With the Senate version of the GSE bill proposing severe portfolio growth restrictions, mortgages might have to find a new marginal buyer, according to an analysis by Lehman Brothers.
The Senate GSE bill currently under consideration calls for outright portfolio caps and strict guidelines on what the GSEs could retain, restricting collateral to only mortgages for securitization and risk management purposes. The proposal also allows the agencies to retain loans that cannot be placed in the capital markets but it remains unclear what mortgages will qualify under these restrictions.
"Even in a favorable rate environment, the long-term impact of a severely constrained GSE portfolio would be significant," Lehman Brothers analysts said, adding that under this scenario, the GSE mortgage share would plunge from its current 21% to an almost insignificant number. Lehman added that even if the decline in holdings is mostly achieved with limited active sales, the question remains as to who would be the new marginal mortgage buyer taking the GSEs' place. Analysts further noted that the mortgage market would need to find an investor that could hold mortgages as an integral part of its core business model and would be seen as a backstop bid for the sector. Banks and overseas investors do not fit the bill because their appetite for the product does not really depend on relative value. "Under the Senate restrictions, even if the immediate impact is small, the long-term impact would be much more significant," Lehman analysts said.
By contrast, Lehman said that a scenario where the minimum leverage capital is raised would be severe in the short term but would have little longer-term implications. In both the Senate and House of Representatives versions, the regulator has the authority to change the minimum capital held against the portfolio. Although there will be a one-time adjustment, over time the change in leverage would not significantly restrain the GSEs' ability to grow. "Even under the most restrictive capital increase scenario of 4% capital charge, the agencies would still remain significant players in the mortgage market," Lehman analysts wrote.
Under both scenarios outlined above, the GSE guaranty business as a revenue source should increase, with the GSEs potentially extending this part of the business to weaker credit borrowers, Lehman analysts said. If this happens, this could have important implications for debt pricing, specifically in the nonprime market. Lehman reported that in 1999, the GSEs started to go down in credit quality from a guarantee fee standpoint, a move that was hugely successful in fixed rate Alt-A MBS where the majority of loans falling under the conforming limits are securitized as agency MBS. More recently, non-traditional mortgage products developed within the last two years present more opportunities for the agencies to grow in terms of their guaranty business.
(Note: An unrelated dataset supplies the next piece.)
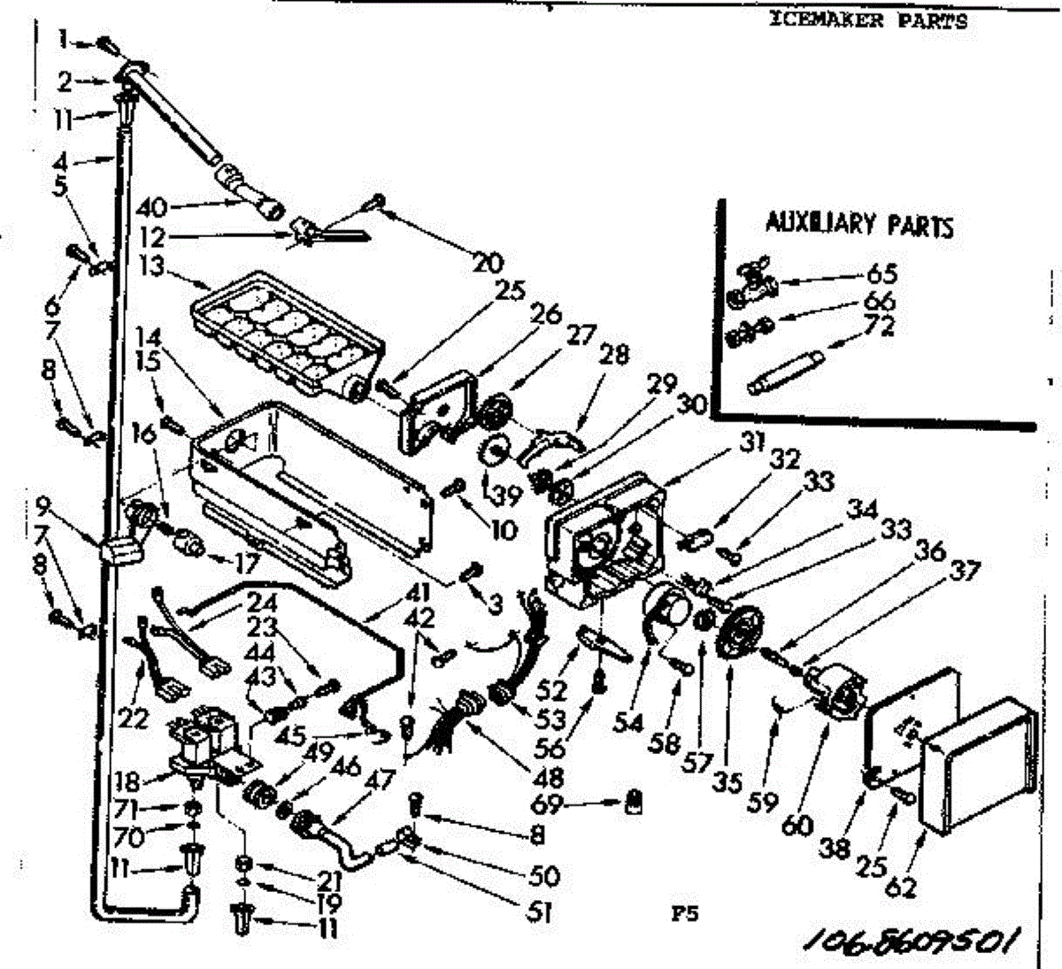 Parts for Kenmore 106.8609591 (1068609591, 106 8609591): Icemaker Parts

Aside from the lack of bipartisan support, researchers do not expect any action on the proposed Senate GSE bill this year with the legislative calendar bogged down by a Supreme Court confirmation hearing, pension reform, the Federal Reserve chairman confirmation and hurricane relief efforts. After this year, Senator Richard Shelby's (R-Ala.) first chance to introduce this bill would be next February to May, after developing bipartisan support. But if the Senate bill fails to get this support, and the Bush administration remains firm on its opposition to the House of Representatives version of the bill, it is probable that nothing would happen on the legislative front with regards to this issue, Lehman analysts added.